Chris Urmson was the CTO of the Google Self-Driving Car team, a key engineer and leader behind the Carnegie Mellon autonomous vehicle entries in the DARPA grand challenges and the winner of the DARPA urban challenge. Today he is the CEO of Aurora Innovation, an autonomous vehicle software company he started with Sterling Anderson, who was the former director of Tesla Autopilot, and Drew Bagnell, Uber’s former autonomy and perception lead.
[ AI Podcast ]
In this week’s episode of Robots in Depth, Per speaks with Lael Odhner from RightHand Robotics.
Lael Odhner is a co-founder of RightHand Robotics, that is developing a gripper based on the combination of control and soft, compliant parts to get better grasping of objects.
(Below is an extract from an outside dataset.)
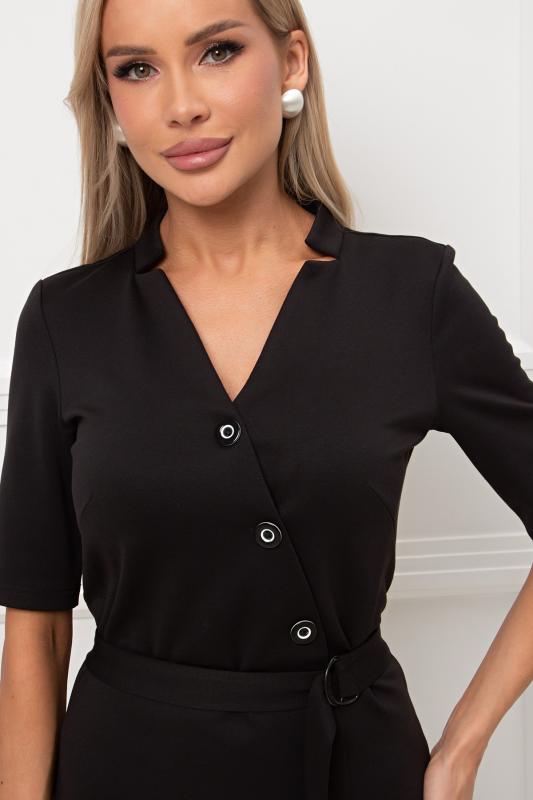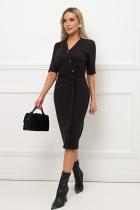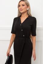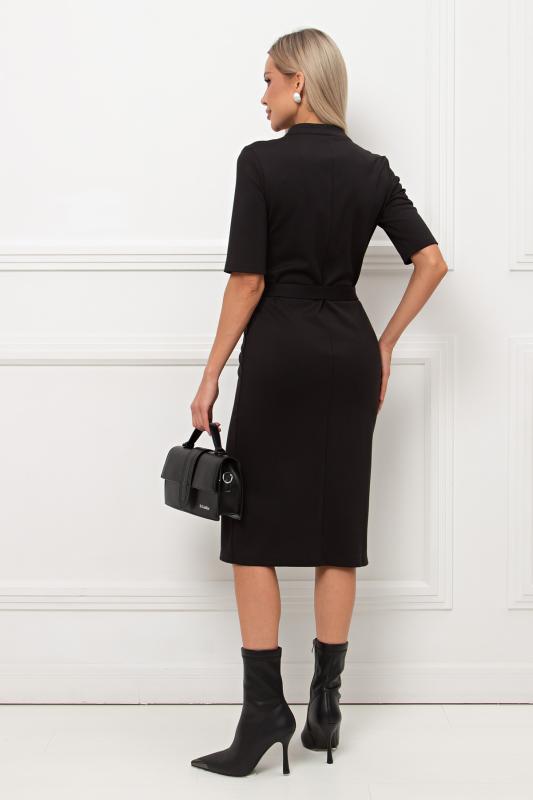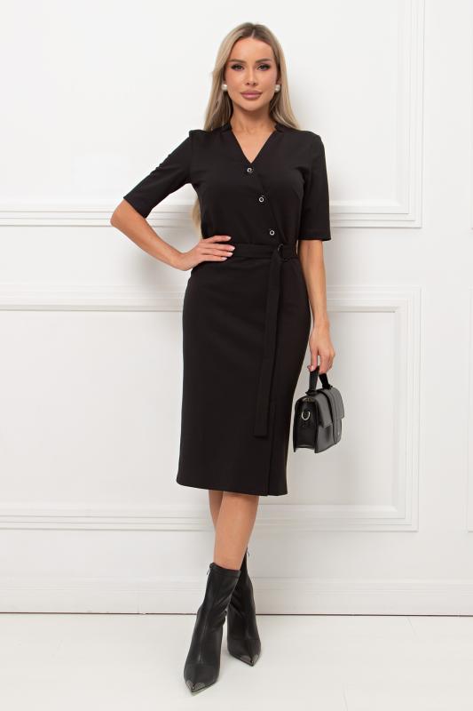Элегантное платье прилегающего силуэта из однотонного трикотажного полотна. Короткий втачной рукав. V - образная горловина переходящая в фиксированный запах на груди. По переду юбки выполнена шлица. Пояс из основного материала в комплекте.

Their work focuses on grasping and manipulating everyday human objects in everyday environments.This mimics how human hands combine control and flexibility to grasp objects with great dexterity.
The combination of control and compliance makes the RightHand robotics gripper very light-weight and affordable. The compliance makes it easier to grasp objects of unknown shape and differs from the way industrial robots usually grip. The compliance also helps in a more unstructured environment where contact with the object and its surroundings cannot be exactly predicted.